We're not writing to CSV anywhere.

cfhammill commented 7 years ago

On either anat: any(is.na(anat)) ?

gdevenyi commented 7 years ago

FALSE and FALSE

cfhammill commented 7 years ago

hmmm, I have no idea what's going on, on mock data and all of our tests anatGetAll method = "label" faithfully returns numeric. It's likely the conversion is happening in RMINC:::create_anat_results, but I can't trace it.

defs <-  "/opt/quarantine/resources/DorrSteadmanUllmann/MAGeT/Dorr_2008_Steadman_2013_Ullmann_2013_on_NRXN1a_v1_labels.mnc"

## This should be numeric
cpp_res <- RMINC:::label_counts(data$label, defs = defs, method="labels", defs=defs, strict = TRUE)

label_frame <- RMINC:::create_labels_frame(defs, side = "both")

## Problem should be here...
res <- RMINC:::create_anat_results(cpp_res, label_frame, filenames = data$label, atlas = NULL)
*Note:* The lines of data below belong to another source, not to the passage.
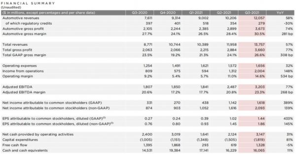 特斯拉2021Q3盈利情况,截图自财报
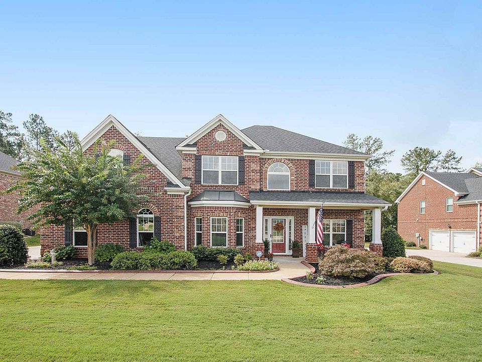 Executive Home w/ exquisite features EVERYwhere! Huge 5 bedroom all brick two story estate home with 3 full bathrooms situated on a quiet cul-de-sac lot. Main floor features beautiful hardwood flooring, a secondary bedroom with attached full bath, office, and formal dining room with coffered ceiling. Family room boasts beautiful stone gas log fireplace and coffered ceiling. Large open kitchen w/ granite countertops, breakfast bar, stainless steel appliances including gas cooktop and wall oven. Informal dining area leads out to oversized covered patio overlooking large backyard. Second floor features HUGE owner's suite with sitting area and luxurious bathroom with garden tub and separate tiled shower, and his and hers closets. Three more spacious bedrooms upstairs with full bathroom. Eagle's Brooke is a gated community with tennis courts, zero entry resort style pool with waterslide, olympic style lap pool, playground, active planned social events and features traditional homes.
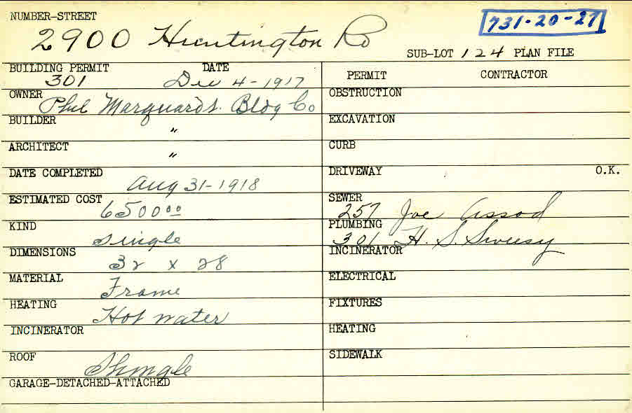 2900 Huntington Road Shaker Heights, OH 44120 PARCEL ID: 731-20-027 Building Permit Date: 12-04-1917 Plan File Number: 10189 Microfilm Roll: NewRoll#2 Neighborhood: Boulevard Owner: Phil Marquardt Building Company Builder: Phil Marquardt Building Company Architect: Phil Marquardt Building Company Estimated Cost: 6500 Date Completed: 08-31-1918 Kind: Single, Single Residence or Dwelling Material: Frame Heating: Hot Water Roof: Shingles |

Can you confirm that that is actually where the issue is occuring, if it's happening in the c++ code something even weirder is happening

gdevenyi commented 7 years ago

res indeed contains chr data with spaces instead of numeric.

One fix, I had to do

label_frame <- RMINC:::create_labels_frame("/opt/quarantine/resources/DorrSteadmanUllmann/Dorr_2008_Steadman_2013_Ullmann_2013_mapping_of_labels.csv", side = "both")

Otherwise error:

 label_frame <- RMINC:::create_labels_frame(defs, side = "both")
Error in make.names(col.names, unique = TRUE) : 
  invalid multibyte string at '<89>HDF'
In addition: Warning messages:
1: In read.table(file = file, header = header, sep = sep, quote = quote,  :
  line 3 appears to contain embedded nulls
2: In read.table(file = file, header = header, sep = sep, quote = quote,  :
  line 4 appears to contain embedded nulls
3: In read.table(file = file, header = header, sep = sep, quote = quote,  :
  line 5 appears to contain embedded nulls

More info: This is with minc-toolkit/1.9.15

cfhammill commented 7 years ago

There were some typos in the above code - defs should have been the text not the minc file. Also for the new anatGetAll an atlas doesn't need to be passed. I'm still not sure where coercion to character is happening...

Can you send me an rds of cpp_res? Sorry this is taking so long to debug.

gdevenyi commented 7 years ago

anatGetAll_old throws the following warnings, while anatGetAll is silent:

[1] "WARNING: Labels found in the mapping, but not in the file:  199"
[1] "WARNING: Labels found in the mapping, but not in the file:  199"
[1] "WARNING: Labels found in the mapping, but not in the file:  199"
[1] "WARNING: Labels found in the mapping, but not in the file:  199"
[1] "WARNING: Labels found in the mapping, but not in the file:  199"
[1] "WARNING: Labels found in the mapping, but not in the file:  199"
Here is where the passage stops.